Stored items:

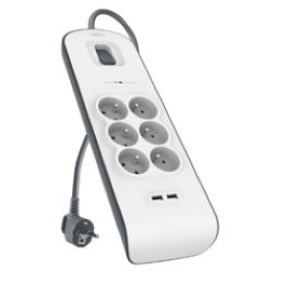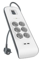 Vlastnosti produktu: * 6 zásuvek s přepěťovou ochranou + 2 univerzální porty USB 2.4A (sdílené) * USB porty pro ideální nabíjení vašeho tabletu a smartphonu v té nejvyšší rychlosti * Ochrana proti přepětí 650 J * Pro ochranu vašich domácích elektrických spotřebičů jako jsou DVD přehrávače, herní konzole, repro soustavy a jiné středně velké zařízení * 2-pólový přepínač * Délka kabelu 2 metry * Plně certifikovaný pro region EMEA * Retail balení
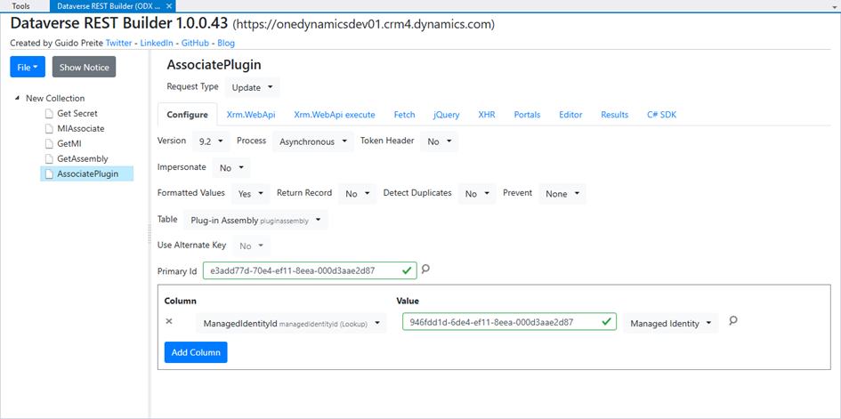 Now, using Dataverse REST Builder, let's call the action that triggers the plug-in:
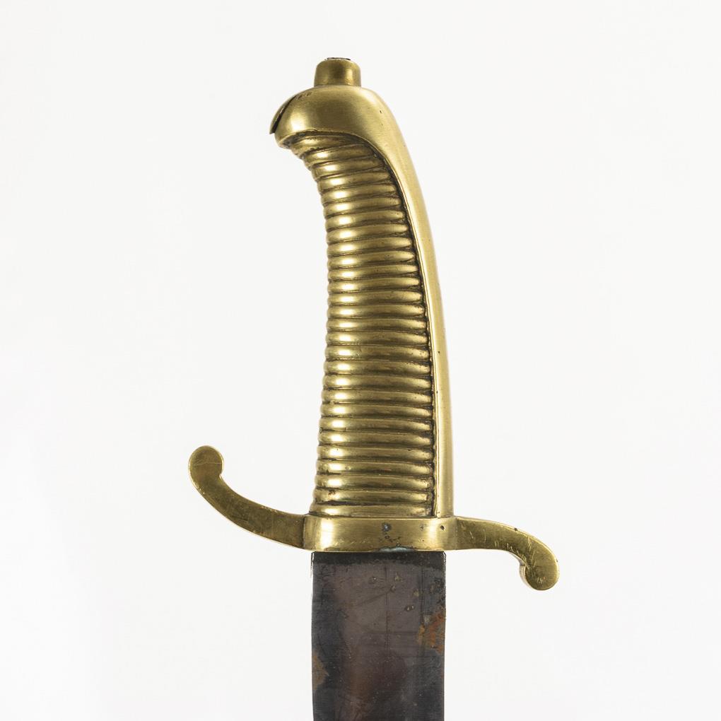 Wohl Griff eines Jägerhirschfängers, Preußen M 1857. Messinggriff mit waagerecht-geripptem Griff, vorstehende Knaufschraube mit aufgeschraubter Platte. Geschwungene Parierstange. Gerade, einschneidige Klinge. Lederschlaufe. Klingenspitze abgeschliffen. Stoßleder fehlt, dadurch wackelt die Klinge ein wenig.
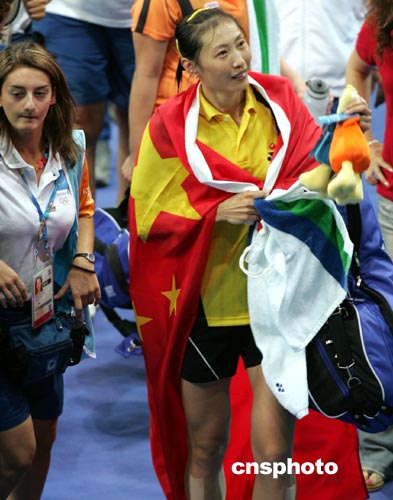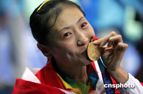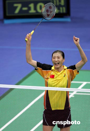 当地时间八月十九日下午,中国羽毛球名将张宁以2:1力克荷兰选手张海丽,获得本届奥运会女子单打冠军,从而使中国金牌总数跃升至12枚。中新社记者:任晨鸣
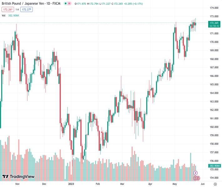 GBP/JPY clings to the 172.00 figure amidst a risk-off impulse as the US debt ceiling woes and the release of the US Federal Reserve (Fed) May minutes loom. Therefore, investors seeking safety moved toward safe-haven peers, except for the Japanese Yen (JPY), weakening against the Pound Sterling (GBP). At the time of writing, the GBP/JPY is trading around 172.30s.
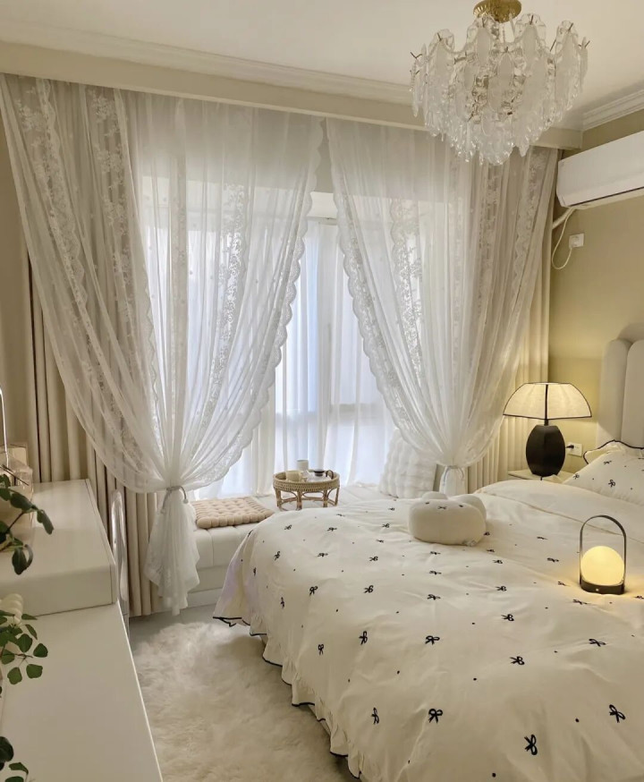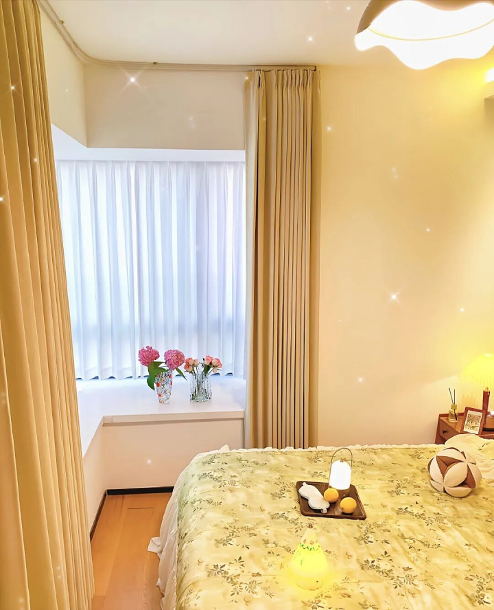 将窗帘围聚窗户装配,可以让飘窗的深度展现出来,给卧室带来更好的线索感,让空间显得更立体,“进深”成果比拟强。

» **Instructions to follow**:
Transcribe every line of the data exactly. No pictures go in the copy.

» **Response area**:
 Vlastnosti produktu: * 6 zásuvek s přepěťovou ochranou + 2 univerzální porty USB 2.4A (sdílené) * USB porty pro ideální nabíjení vašeho tabletu a smartphonu v té nejvyšší rychlosti * Ochrana proti přepětí 650 J * Pro ochranu vašich domácích elektrických spotřebičů jako jsou DVD přehrávače, herní konzole, repro soustavy a jiné středně velké zařízení * 2-pólový přepínač * Délka kabelu 2 metry * Plně certifikovaný pro region EMEA * Retail balení
 Now, using Dataverse REST Builder, let's call the action that triggers the plug-in:
 Wohl Griff eines Jägerhirschfängers, Preußen M 1857. Messinggriff mit waagerecht-geripptem Griff, vorstehende Knaufschraube mit aufgeschraubter Platte. Geschwungene Parierstange. Gerade, einschneidige Klinge. Lederschlaufe. Klingenspitze abgeschliffen. Stoßleder fehlt, dadurch wackelt die Klinge ein wenig.
 当地时间八月十九日下午,中国羽毛球名将张宁以2:1力克荷兰选手张海丽,获得本届奥运会女子单打冠军,从而使中国金牌总数跃升至12枚。中新社记者:任晨鸣
 GBP/JPY clings to the 172.00 figure amidst a risk-off impulse as the US debt ceiling woes and the release of the US Federal Reserve (Fed) May minutes loom. Therefore, investors seeking safety moved toward safe-haven peers, except for the Japanese Yen (JPY), weakening against the Pound Sterling (GBP). At the time of writing, the GBP/JPY is trading around 172.30s.
 将窗帘围聚窗户装配,可以让飘窗的深度展现出来,给卧室带来更好的线索感,让空间显得更立体,“进深”成果比拟强。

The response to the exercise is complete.